Catherine is a senior ecologist with Bord na Móna. She promotes and develops peatland restoration and rehabilitation, as well as the creation of other wetland and woodland habitats on industrial cutaway peatland. Catherine’s research projects focus on greenhouse gas monitoring and the goods and services provided by wetland, peatland and woodland habitats. Since 2008, she has chaired the International Peat Society’s Commission on Peatland Restoration, Rehabilitation and After-Use.

Conor Ó Raghallaigh

Conor has worked within a number of government departments over the past 20 years. As a principal officer in the Department of Arts, Heritage and the Gaeltacht, he is responsible for ensuring Ireland’s compliance with the birds and habitats directives.

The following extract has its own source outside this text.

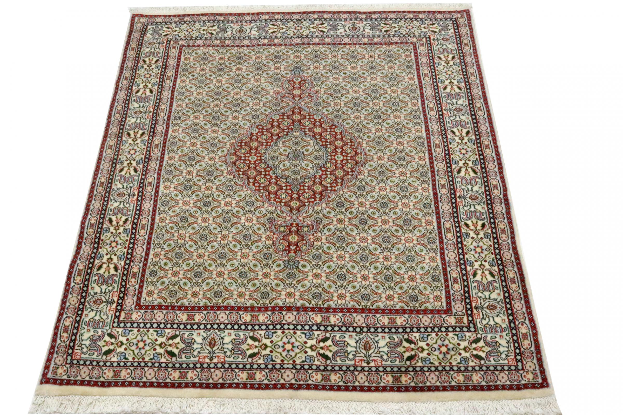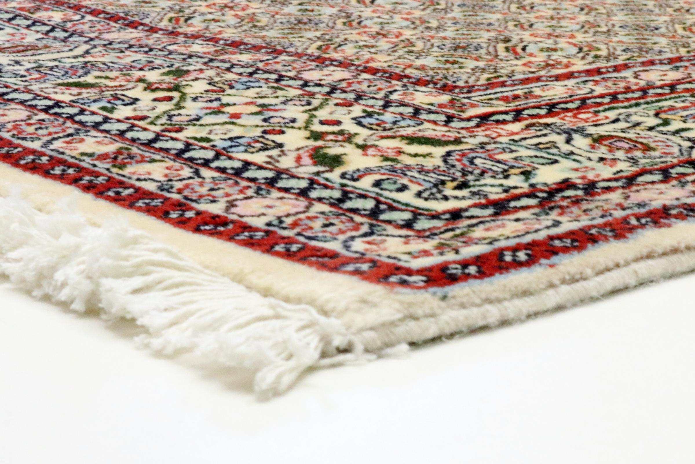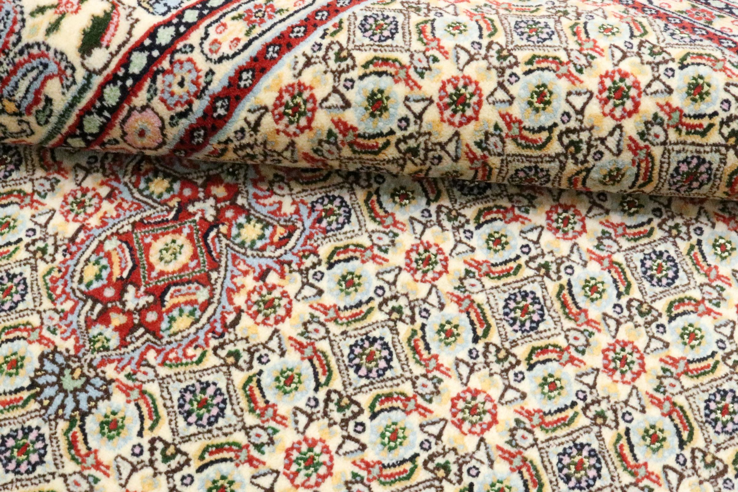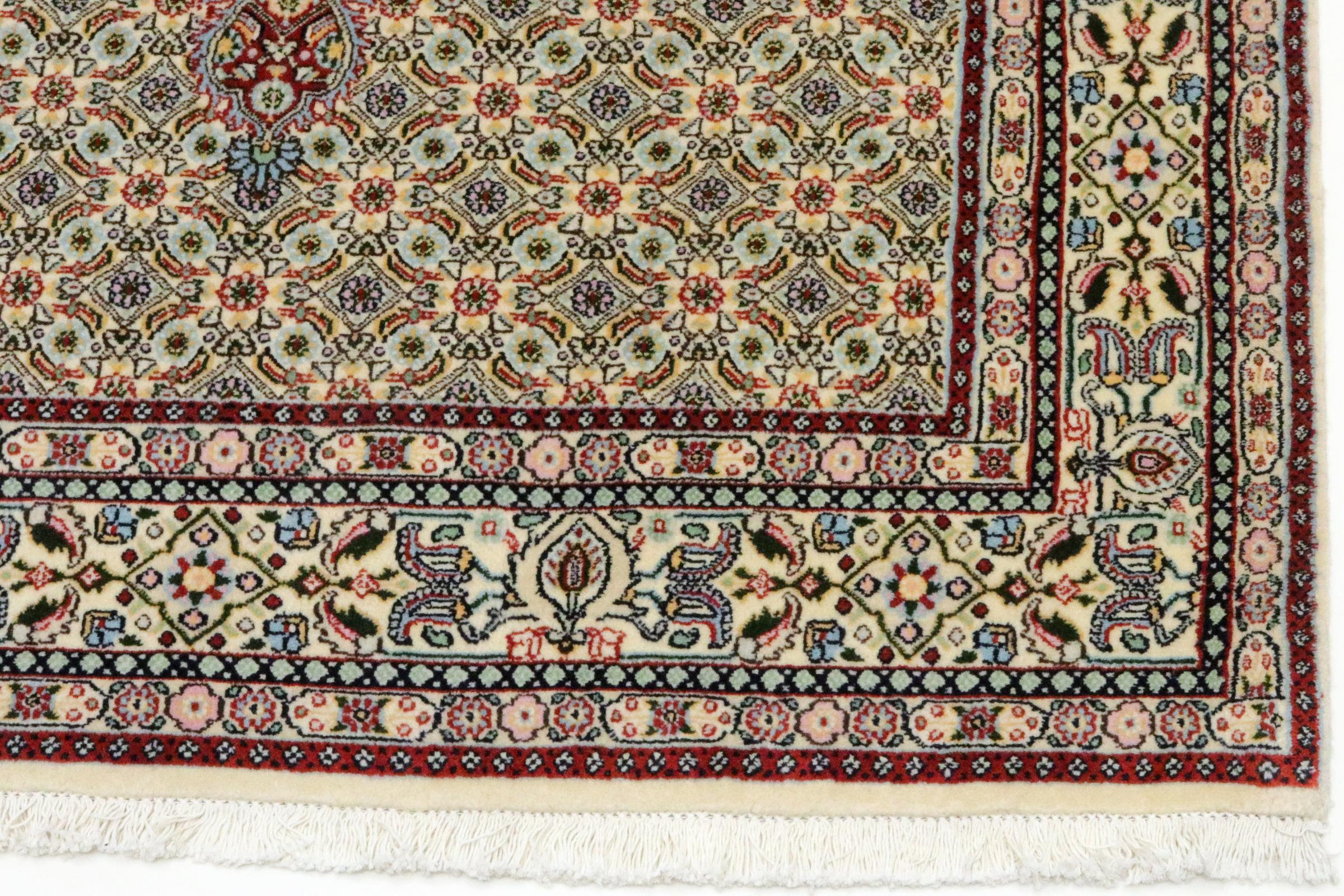 Este tapete de Moud, uma cidade situada 300 km a sul de Mashhad, impressiona à primeira vista. O padrão típico Herati ou desenho de jardim é apreciado por conhecedores e amantes de tapetes persas genuínos. Se procura um tapete feito à mão de excelente qualidade com um design muito distinto e caraterístico, está absolutamente certo com este tipo de tapete.

In recent years, he has been directly involved in several high profile infrastructure cases involving Corrib Gas, the Galway City by-pass, and proposals to extend the ports of Dublin and Galway.

Aoife Reynolds

Aoife is an Environmental Advisor with Shell E&P Ireland Limited. She is an environmental scientist with an MSc in sustainable development. She has worked on the Corrib Project since 2005, implementing environmental management on the construction phase of the Corrib Project and ensuring environmental regulatory compliance. Prior to working on the Corrib Project, Aoife worked as an environmental consultant and with local authorities in the waste management sector which included waste infrastructure environmental management.

Henk van der Kamp

Henk is a town planner with a research interest in strategic infrastructure delivery. He is the Head of the School of Spatial Planning and Transport Engineering at Dublin Institute of Technology. Henk is currently President of the European Council of Spatial Planners and Vice-Chair of the European Co-operation in Science and Technology (COST) framework’s Transport and Urban Development Domain Committee.